Home » A rare encounter with Paper Nautilus and the mystery of ocean intelligence

A rare encounter with Paper Nautilus and the mystery of ocean intelligence

by simon

Last week I had a rare encounter with Paper Nautilus in the shallows of Port Phillip Bay in Melbourne, Australia. It was a rather sad event. Every seven years or so they congregate near the coast to spawn. No-one really knows whether this is a normal end-of-life process. Paper nautilus breed more than once but some are bound not to survive, as reproduction takes a heavy toll. The exhausted animals we find inshore are likely to victims of natural selection. Paper nautilus are an ocean mystery but that’s one of the great things about exploring the sea. We know so little, these precious encounters are a reminder of how important it is to preserve life.

Paper nautilus are an argonaut not a nautilus

Paper nautilus are argonauts, a type of octopus. Orange and white-striped Chambered Nautilus are different animals altogether. Their biology is more like in snails where the body and shell are connected. In argonauts only the female has the papery shell and it is grown on the outside, so they can protect and nurture their eggs. Nonetheless, along with cuttlefish and squid, both nautilus and octopuses are in the class Cephalapoda, meaning ‘head of feet’.

Argonauts are able to extract calcium from the ocean food chain to build their calcite cover. Ocean currents will eventually sweep any eggs into the open ocean once they hatch, to become part of the plankton soup that circulates the Earth.

Male argonauts are from Mars, females are from Venus

A rare encounter with Paper Nautilus. We know nothing about how male and female Paper Nautilus find each other to breed. The male is tiny. Females are jet-propelled, can swim faster than a diver and live in the open ocean. Drawing, Simon Mustoe.
We know nothing about how male and female Paper Nautilus find each other to breed. The male is tiny. Females are jet-propelled, can swim faster than a diver and live in the open ocean. Drawing, Simon Mustoe.

The female we found in Port Phillip Bay was about 20cm across but the male that fertilised her would have been only 2-3cm. This difference in size is more than matched by a completely different lifestyle and behaviour. No-one knows how they get together, since the females’ shell is also a buoyancy device and she is highly mobile. Maybe the males live on the seabed? Males are tiny, free swimming and would otherwise be at the mercy of ocean currents.
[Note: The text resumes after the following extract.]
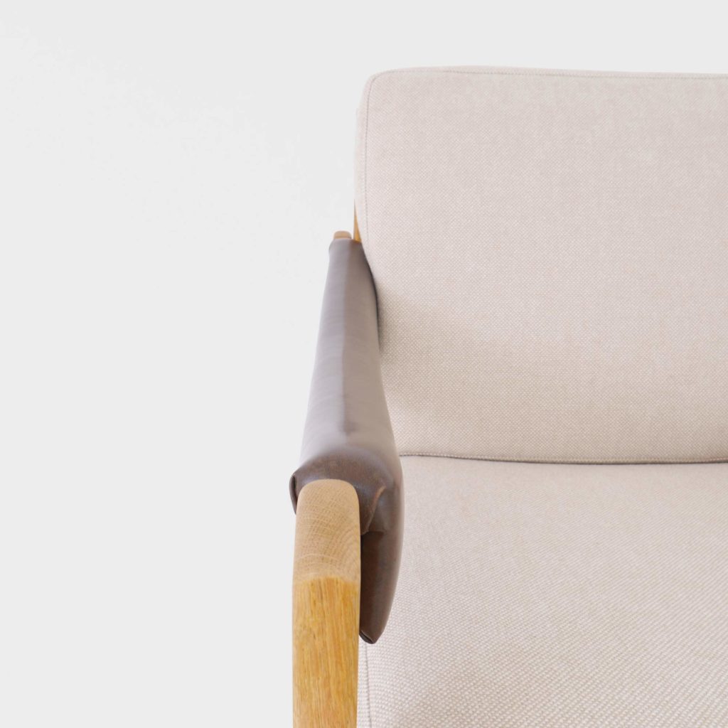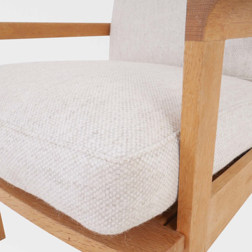 Vakker lenestol i god kvalitet. Nyomtrukket av vår møbeltapetserer i ullstoffet Amdal 122 av Gudbrandsdalen Uldvarefabrik. Ramme pusset og behandlet med hvitpigmentert hardvoksolje fra Osmo, En nydelig form som sitter godt i rommet. Produsent: Emdal & Co Land: Norge År: 1960-tallet Tilstand: God vintage stand Mål: H:100cm H.sete:40cm B:67cm D:80cm Frakt: - Pris inkluderer frakt på strekningen Drammen - Oslo onsdager mellom 15-20 (til gateplan). - Vi sender i hele landet. Ta kontakt for gode priser på frakt. - Lageret er alltid åpent for besøk Tirsdag & Onsdag kl 14-17. Ring 926 22 989 ved ankomst. Disclaimer: Vintage møbler er et produkt av høy kvalitet som varer flere liv av en grunn. Noen har en rik historie, hvor enkelte produkter vil bære preg av dette. Studer derfor bildene godt før kjøp.

Each tentacle has its own brain. In other words, the male’s penis has a mind of its own.

When they do procreate, it’s one of the stranger activities of the animal kingdom.

Males don’t have shells but they do have a detachable penis … yes, you heard that right. After mating, this sperm-carrying appendage (a modified tentacle) continues to survive and attaches onto the female’s gill cavity. No doubt that’s a great reproductive strategy when your chance of encounter is rare.

A rare intelligence

Some scientists suppose that male argonauts die after reproduction but that’s a rather anthropocentric view of an animal that lives a life as alien as we might imagine. It makes more sense when you consider that each tentacle has its own brain. In other words, the male’s penis has a mind of its own! I’m sure many of my readers can empathise with that.

The male doesn’t so much die, as continue to survive, albeit in a reduced form but with unmitigated focus on its own reproductive function.

When it comes to intelligence, most of us humans have it all wrong. Intelligence is the ability to connect with your environment, survive for the longest and contribute the most back to the stability of life on Earth.

In my experience, when you look into the eye of an animal like an argonaut, you are seeing a level of awareness and sophistication that exceeds our own imagining. Some of the most important animals on Earth are the ones that have to survive against all odds, in a world that is harsh and unforgiving. Ocean animals have to be super-intelligent to make things habitable for us too.

It is distressing to witness any animal dying and this rare encounter with Paper Nautilus was no exception. But it was also a privilege as this small encounter offered me a glimpse into the abyss: a reminder of how little we still know about the role of animals in our future.